The present study has a few limitations. First, this study retrospectively reviewed medical records and may have inadvertently missed certain variables. Second, we classified patients with PVO by combining 2 vertebral levels, that is, cervical and thoracic, thoracic and lumbar, and lumbar and sacral, into 1 vertebral level that involved more. Nonetheless, similar results were obtained when we categorized vertebral levels more accurately (data not shown). Third, we excluded patients who had remnant prosthesis or had undergone spine operation within 1 year of the diagnosis of PVO, so our results cannot be applied to such patients. Finally, we could not analyze the association between previous asymptomatic bacteriuria and pathogens causing vertebral osteomyelitis because data regarding asymptomatic bacteriuria were not collected. Further studies are needed to clarify this correlation.

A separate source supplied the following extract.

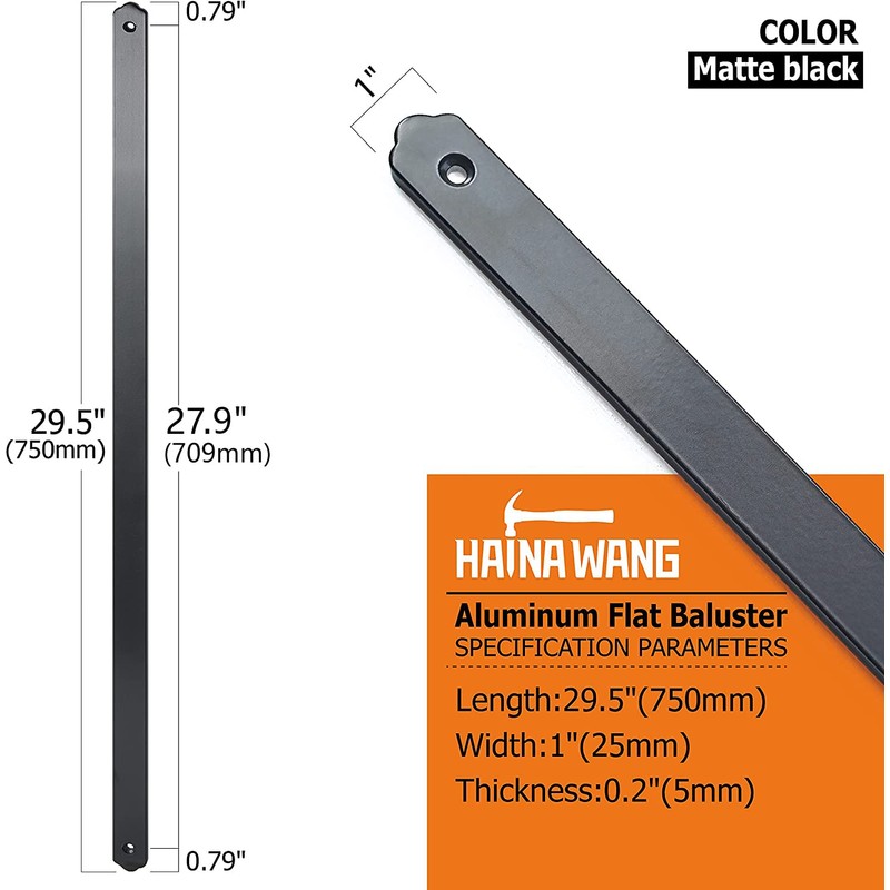 HAINA Wang AAMA-2604 Standard Deck Balusters Aluminum for Deck Railing Porch (Straight/50PC, Black-29.5")

In patients with PVO, the distribution of bacteria differed according to the patients’ demographic and clinical characteristics. Our results indicate that an understanding of the distribution of bacteria in patients with PVO could be immensely helpful in informing the choice of empirical antibiotics in patients with culture-negative PVO. However, accurate microbiologic diagnosis is essential both for the optimization of antimicrobial therapy and to avoid unnecessary drug toxicity. Therefore, it cannot be overemphasized that a precise etiological diagnosis should be pursued in all cases, and empirical treatment should only be applied in selected cases.